The purpose of the present study was to test the hypothesis that elevated iron is a mechanism driving elevated kurtosis values in subcortical grey matter. In younger and older adults who underwent DKI, we characterized age group differences in iron and kurtosis in subcortical grey matter structures as well as in white matter tracts and then examined relationships between measures of iron and kurtosis in subcortical grey matter structures. To further test this relationship, we measured kurtosis in an agarose phantom with four levels of iron concentrations.

2. Methods

2.1. Discovery Cohort

2.2.1. Participants.

A cohort consisting of 110 older adults (65 female/45 male; mean age=69.3 years ± 6.3 years; age range: 60 years–87 years) and 63 younger adults (42 female/21 male; mean age=20.2 years ± 2.0 years; age range: 18 years–28 years) participated in this study. Each participant gave written informed consent prior to enrolling in the study as approved by the local institutional review board.

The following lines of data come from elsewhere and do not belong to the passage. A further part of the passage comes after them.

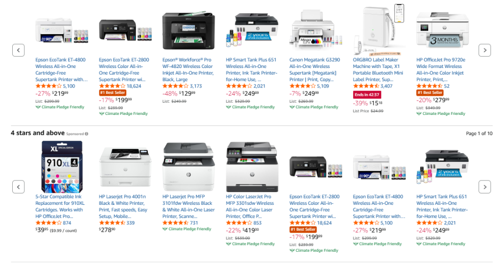 Canon PIXMA and Epson EcoTank are rivals. EcoTank uses refill bottles. HP uses Instant Ink, which keeps costs steady.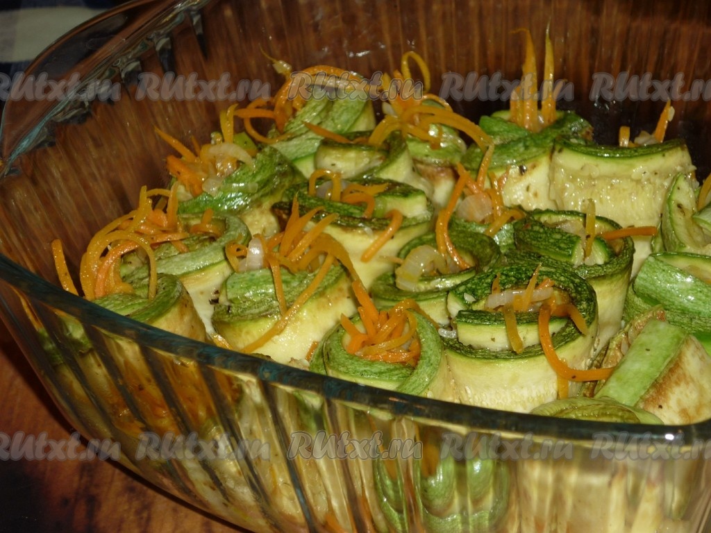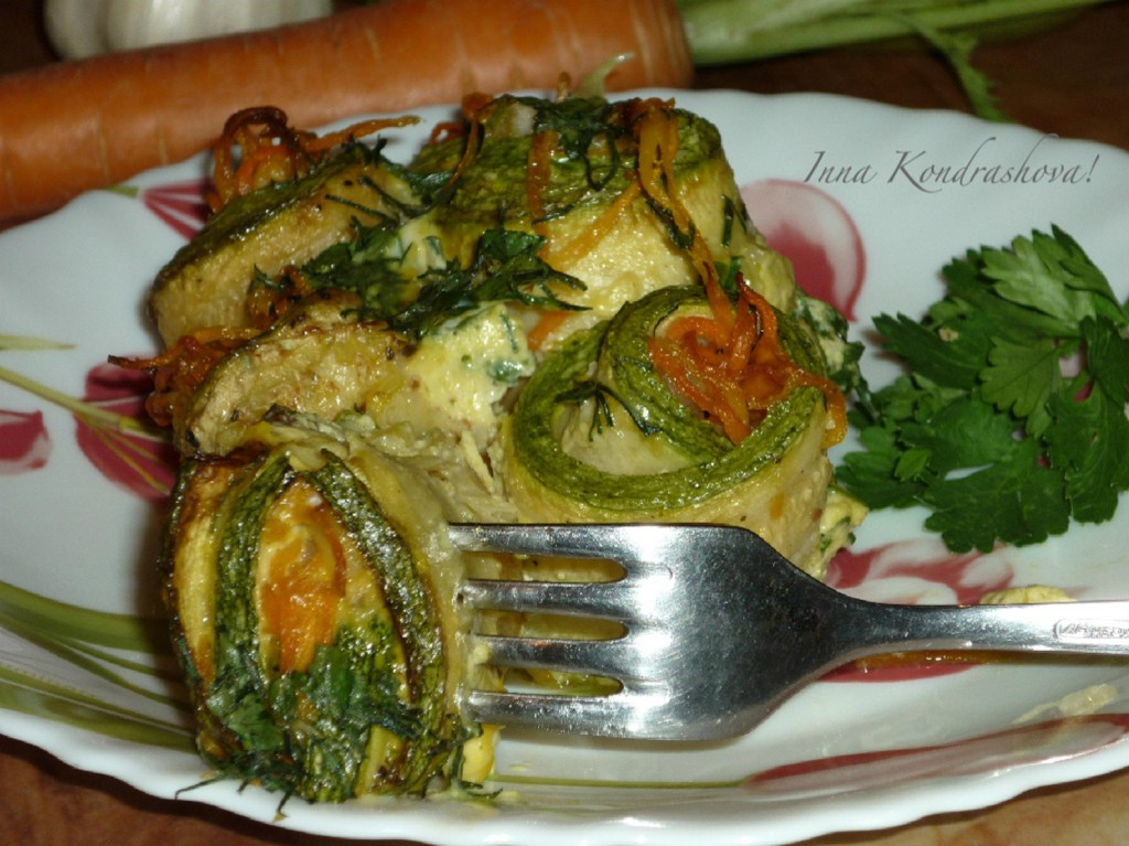 На каждый кабачковый слайс выложить понемногу обжаренных моркови и лука, свернуть рулетиком. Получится много рулетиков из кабачков.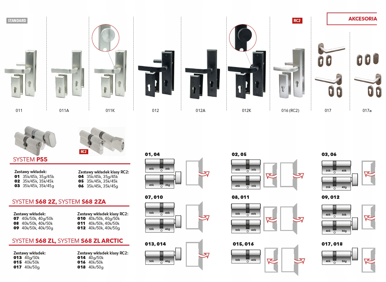 - Стандартне оснащення: ручка з пластиною 011, 07 циліндрів*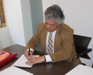 O contrato foi celebrado entre o representante do Município da Marinha Grande, Álvaro Pereira e os representantes do Estado e do Instituto de Emprego e Formação Profissional, IP.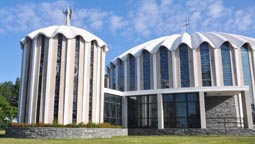 | St. Michael's Church, aka the "Fisherman's Church", was built in the 1960s. It was designed by James Canizaro. The church's round shape may have contributed to its survival during Hurricanes Camille and Katrina. After Katrina in 2005, the church's interior was basically gutted and much of the stained glass needed replacing. The church was reconsecrated in 2011. These photos are from 2019. For more, see these websites: 1 and 2. [map] |

2.1.2. Structural acquisition and processing.

Images from a T1-weighted MP-RAGE sequence (echo time (TE)/repetition time (TR)/inversion time=3.02/2600/800 ms, flip angle=8°, voxel size=0.8×0.8×0.8 mm3) were used for registration from subject space to common space. T1-weighted images were analyzed with FMRIB Software Library (FSL). A transformation was derived between individual subject space to MNI152 T1-weighted space using FMRIB’s Linear Image Registration Tool (FLIRT) and FMRIB’s Nonlinear Image Registration Tool (FNIRT) in the FSL software package31,32.

2.1.3. Diffusion acquisition and processing.

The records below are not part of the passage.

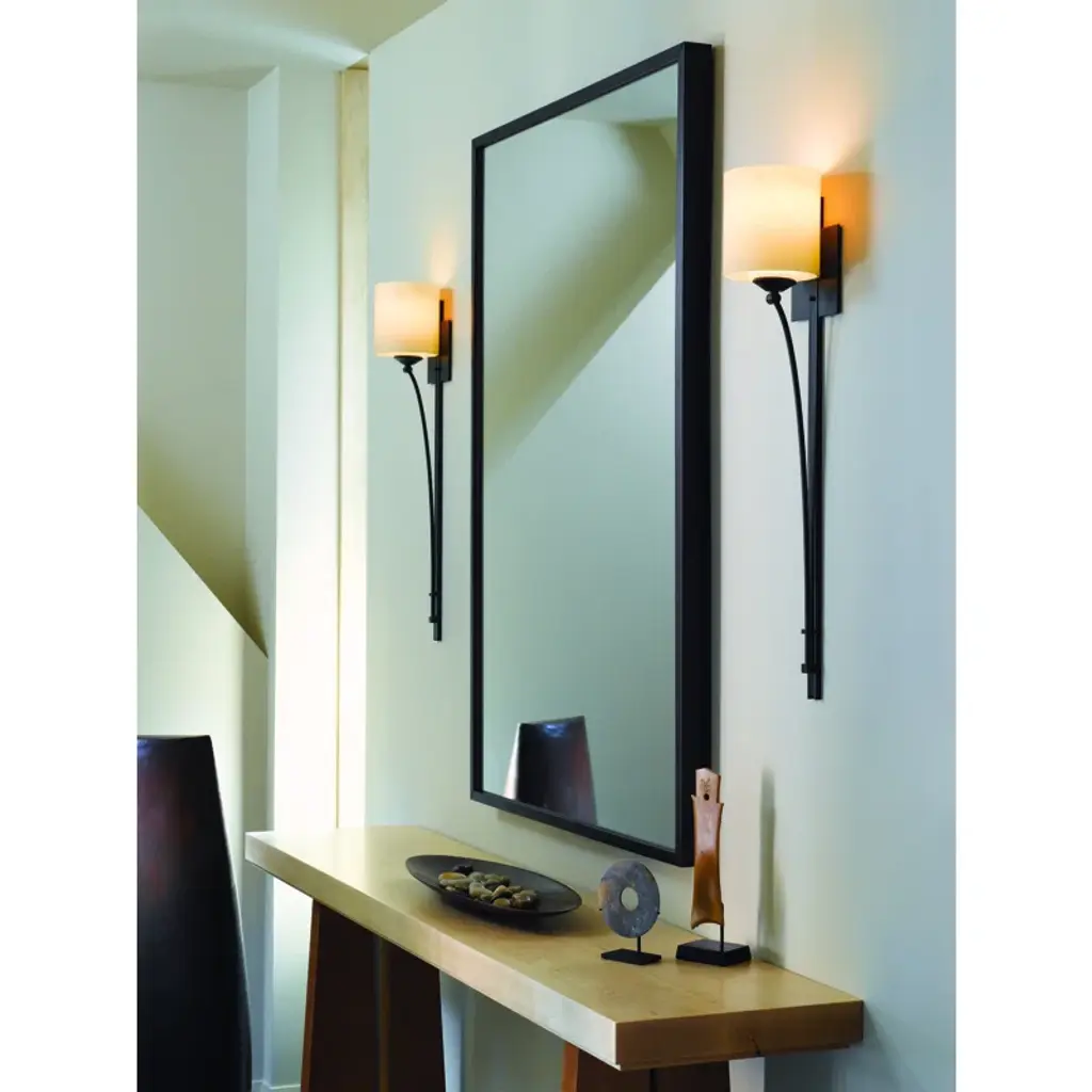 Our Formae Sconce offers a contemporary take on the traditional taper. A tube of curved steel slowly peals from the mounting plate to form a gentle arc under the glass of the cylinder. Forged and formed by our artisans, each piece is unique. All Hubbardton Forge products are hand-crafted to last one at a time in Vermont.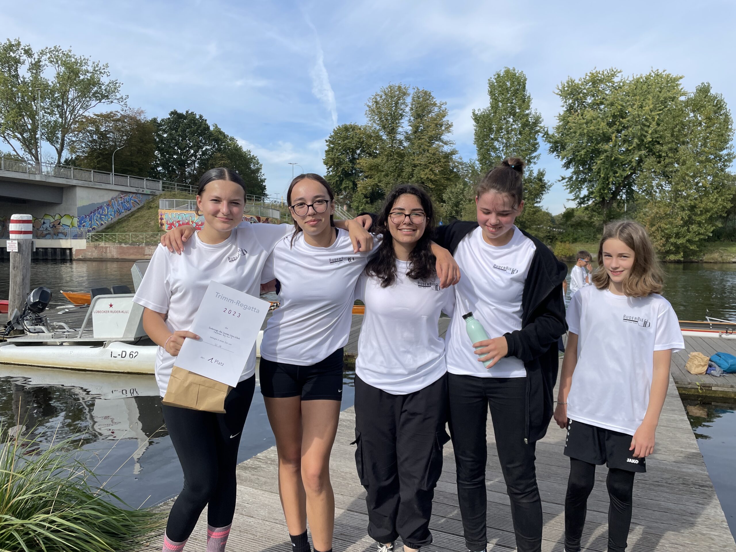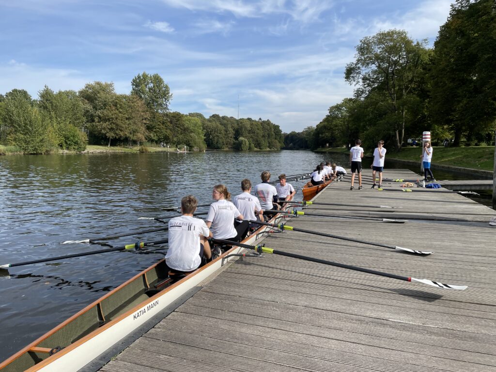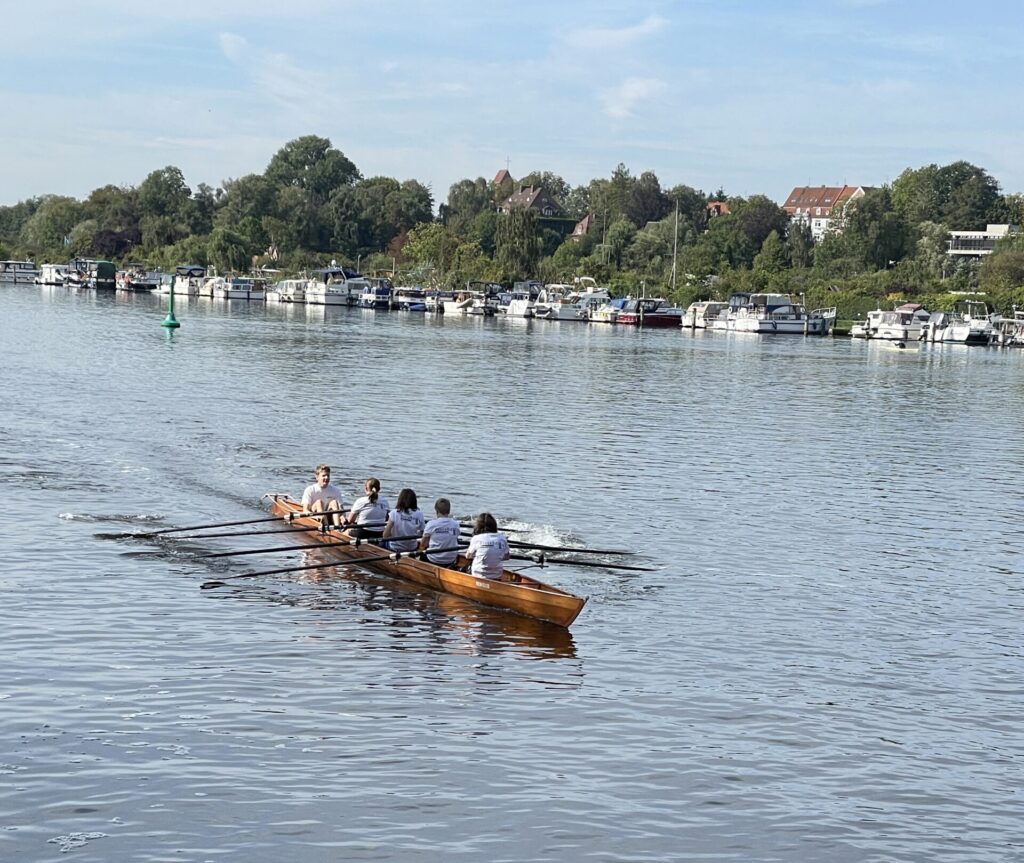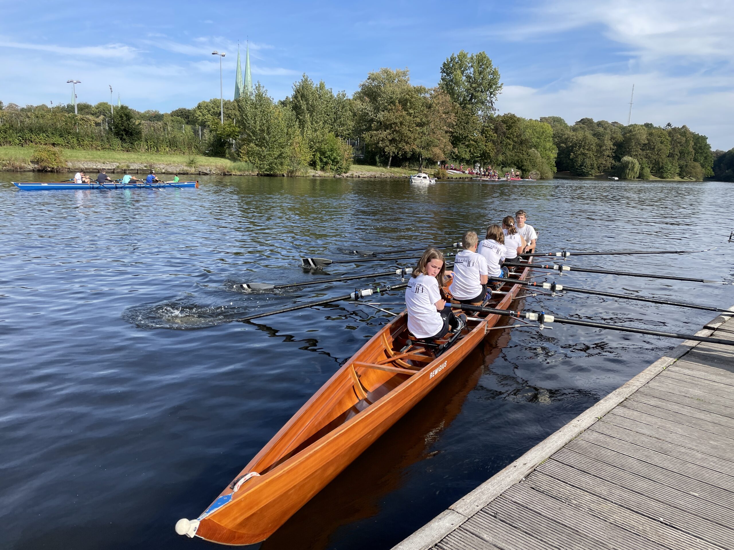 Der Mädchen-Gig-Doppelvierer mit Anna Lena, Charlotte, Ela und Heidi, gesteuert von Lotta, legten einen guten Start ab, wurden dann unter der Puppenbrücke durch andere Wassersportler behindert und kamen trotzdem mit einer guten Zeit von 32:19 Minuten durchs Ziel und belegten gemeinsam mit dem Boot vom Katharineum den 1. Platz.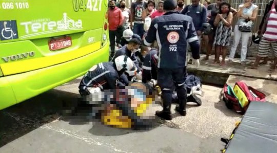 Uma mulher não identificada caiu ao desde de um ônibus do transporte público de Teresina, na manhã desta quinta-feira (6), e teve a perna esmagada pelo pneu do veículo, que atende a Vila Irmã Dulce, bairro Angelim, Zona Sul da capital.

Diffusion-weighted data were acquired using a spin-echo EPI with bipolar diffusion encoding gradients with the following parameters: TE/TR = 102/3500 ms, FOV = 212×182 mm, voxel size = 1.7×1.7×1.7 mm, 64 axial slices, six b=0 images, and multiband acceleration factor = 4. Diffusion-weighting was applied in 64 directions with two b-values (b=1500 s/mm2 and b=3000 s/mm2). Six b=0 images with reversed phase-encoding were acquired to correct for susceptibility distortions.

Diffusion data were denoised in mrtrix33, then corrected for motion, eddy current and susceptibility distortions using eddy in FSL34. Next, skull stripping of the T1-weighted image and susceptibility corrected b=0 image was performed using the brain extraction tool in the FSL software package35. Mean kurtosis (MK) was estimated in DIPY36.

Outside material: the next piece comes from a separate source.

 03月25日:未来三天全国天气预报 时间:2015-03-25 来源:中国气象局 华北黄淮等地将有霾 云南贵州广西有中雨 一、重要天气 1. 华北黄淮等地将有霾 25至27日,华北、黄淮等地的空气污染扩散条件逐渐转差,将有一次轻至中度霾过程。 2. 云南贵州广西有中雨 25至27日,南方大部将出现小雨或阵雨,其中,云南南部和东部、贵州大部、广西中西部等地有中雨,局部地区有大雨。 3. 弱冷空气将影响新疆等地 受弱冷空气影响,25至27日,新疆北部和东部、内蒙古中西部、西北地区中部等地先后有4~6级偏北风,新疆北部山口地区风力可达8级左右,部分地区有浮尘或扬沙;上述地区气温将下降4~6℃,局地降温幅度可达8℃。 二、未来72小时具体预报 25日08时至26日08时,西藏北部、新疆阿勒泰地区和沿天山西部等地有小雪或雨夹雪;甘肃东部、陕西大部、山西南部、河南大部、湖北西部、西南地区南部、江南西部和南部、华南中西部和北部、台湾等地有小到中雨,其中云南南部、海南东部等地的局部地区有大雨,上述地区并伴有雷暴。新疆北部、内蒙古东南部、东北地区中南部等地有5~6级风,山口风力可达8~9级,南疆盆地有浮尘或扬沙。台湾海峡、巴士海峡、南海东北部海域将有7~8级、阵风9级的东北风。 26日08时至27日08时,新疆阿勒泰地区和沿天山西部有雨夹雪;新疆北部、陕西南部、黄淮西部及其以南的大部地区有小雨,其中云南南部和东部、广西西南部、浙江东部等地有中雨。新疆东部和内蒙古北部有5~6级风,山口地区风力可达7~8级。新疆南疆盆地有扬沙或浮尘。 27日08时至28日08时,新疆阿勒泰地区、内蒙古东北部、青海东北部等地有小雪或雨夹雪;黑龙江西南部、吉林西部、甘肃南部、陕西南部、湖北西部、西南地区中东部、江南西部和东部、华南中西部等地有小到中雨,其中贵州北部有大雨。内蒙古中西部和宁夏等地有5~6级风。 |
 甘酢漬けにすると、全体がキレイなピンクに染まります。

2.1.4. Iron acquisition and processing.

Multi-echo data were collected with a 6-echo 3D gradient recalled echo sequence: TE1/∆TE/TR =4/6/40 ms, FOV=192×224 mm2, matrix size=192×224×96, and slice thickness=1.7 mm. R2* was calculated from the magnitude data assuming a monoexponential decay.

2.1.5. Regions of interest.

Globus pallidus, putamen, caudate nucleus, thalamus, and hippocampus regions of interest (ROIs) were defined using the Harvard-Oxford subcortical atlas and the dentate nucleus was defined using a previously published atlas37. MK and mean R2* were measured in each grey matter ROI. White matter ROIs for the superior longitudinal fasciculus, forceps major, and forceps minor were defined using the Johns-Hopkins white matter atlas and mean MK was measured in each ROI. For each ROI, voxels with MK values that were negative or greater than 4 were excluded.

2.2. ADNI Replication Cohort

2.2.1. Database and participants.

Data from the Alzheimer’s Disease Neuroimaging Initiative (ADNI) database (adni.loni.usc.edu) were used to replicate the observed relationship between iron and kurtosis. Up-to-date information can be found at www.adni-info.org. The ADNI study was approved by the local Institutional Review Boards of all participating sites. Study subjects and, if applicable, their legal representatives, gave written informed consent at the time of enrollment for imaging data, genetic sample collection and clinical questionnaires.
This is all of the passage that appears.